All mice experiments were performed in compliance with the Institutional Animal Care and Use Committee at Massachusetts General Hospital. 4-month-old C57BL/6 mice were ordered from the NIA. Mice were euthanized with CO2 followed by cervical dislocation. The mouse used was male. Tissues were harvested post-euthanasia and perfusion with PBS.

Tissue dissociation and cell suspension generation

Freshly dissected whole trachea preparations were submerged in 500 µl of each enzyme dissociation cocktail for 30 min with gentle rocking at 37 °C. Papain (13.3 µ/ml or 10 µ/ml) was dissolved in EBSS buffer before mixing with activation buffer consisting of 0.067 mM β-mercaptoethanol, 1.1 mM EDTA and 5.5 mM cystein-HCl in EBSS. Enzyme mix used for the dissociation protocol consisted of 25 µl of 70 kU ml−1 collagenase I, 25 µl of 50 kU/ml hyaluronidase, 50 µl of 7.5 kU/ml DNase, 120 µl of 2.5 µ/ml dispase and 400 µl of 40 µ/ml papain, to a final volume of 5 ml using DMEM. In all cases, single enzyme incubations were done for 30 min at 37 °C with gentle rocking, whereas the enzyme cocktail mix was incubated for 20 min at 37 °C with gentle rocking. Cells were then either taken directly for single cell sample preparation, or frozen down in a cryopreservative buffer of 10% DMSO and 90% FBS.

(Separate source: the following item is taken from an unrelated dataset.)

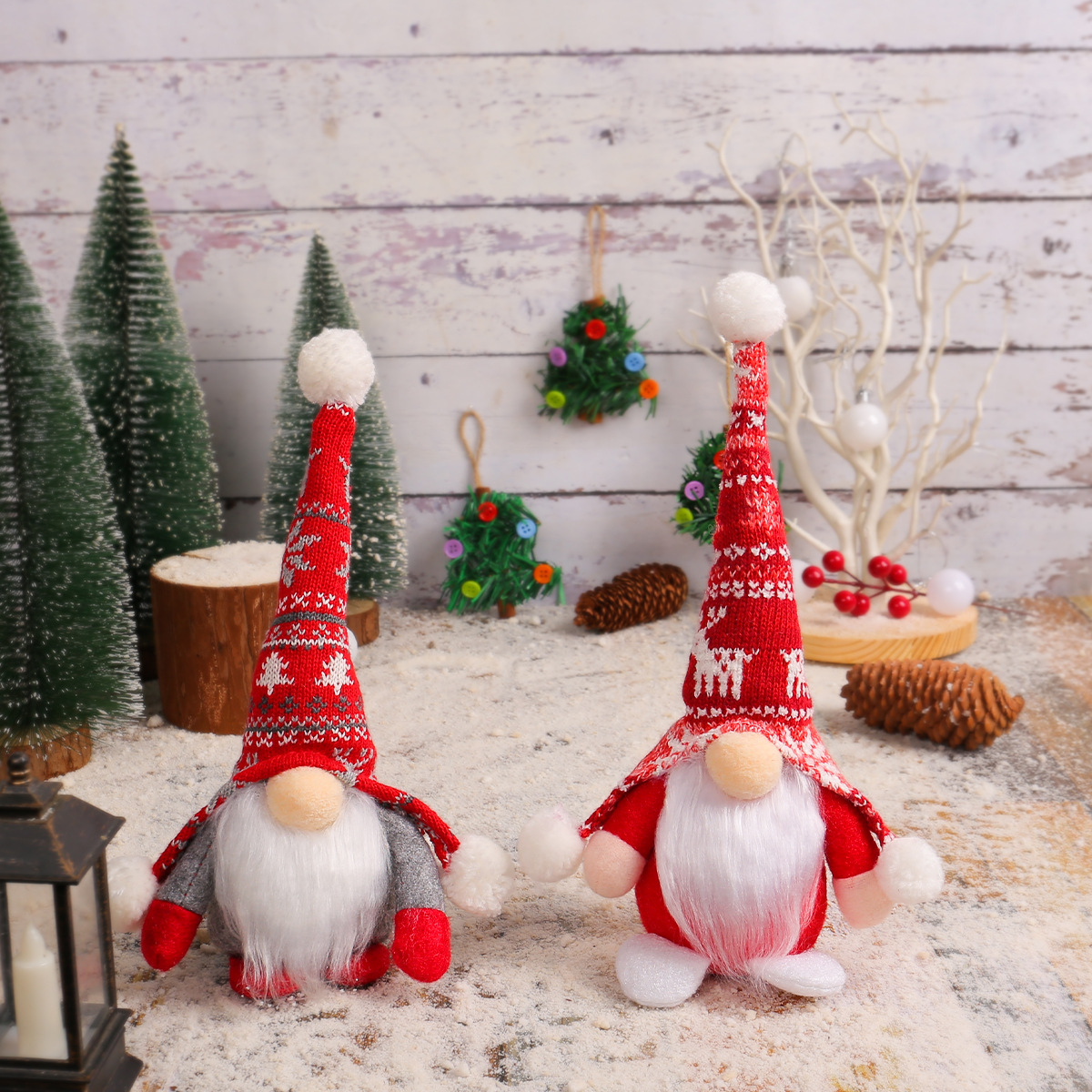 晶辰は新しい古い顧客が国境を越えたクリスマスに顔のない老人五角星ニット帽の精霊公仔の置物をフィードバックした
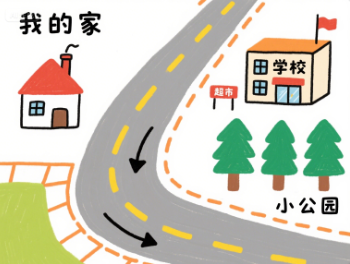 2. 根据上面提示的方法,试着画一画从你家到学校(或到附近某个地方)的路线图。

Proteomic sample preparation

Samples were prepared using the nPOP sample preparation method for multiplexed single cell proteomics¹. Briefly, single cells were washed twice from either dissociation buffer or cryopreservation buffer with 1X PBS. Cells were then resuspended at a concentration of 1000 cells per µL and were incubated on ice and in the dark for 20 min with Sytox Green Dead Cell Stain (Thermo Fisher S34860). Cells were then washed one final time to remove dye and resuspended in 1X PBS at a concentration of 300 cells per µL for eventual cell sorting. Cells were then sorted in a volume of 300 pL into 9 µL of 100% DMSO droplets on the surface of a fluorocarbon-coated glass slide for cell lysis using the CellenONE cell sorter and liquid handler. As cells were sorted, the fluorescent intensity of the Sytox Green stain was recorded using the CellenONE’s green channel. The cells were isolated based on cell size and aspect ratios using threshold gates shown in Supplementary Fig. 2. The single cells were incubated for overnight digestion with the aid of the CellenONE’s humidifier and slide cooling for evaporation prevention of droplets. The remaining single-cell suspension was used for making isobaric carriers and reference with the mPOP protocol²⁰. Briefly, the cells were pelted and resuspended in mass spectrometry grade water at a concentration of 1000 cells per µL. Then, the cells were lysed and the protein digested with 13.5 µL of digestion buffer of 100 ng/µL Promega trypsin, 0.025% DDM, and 10 mM HEPES at pH 8.5.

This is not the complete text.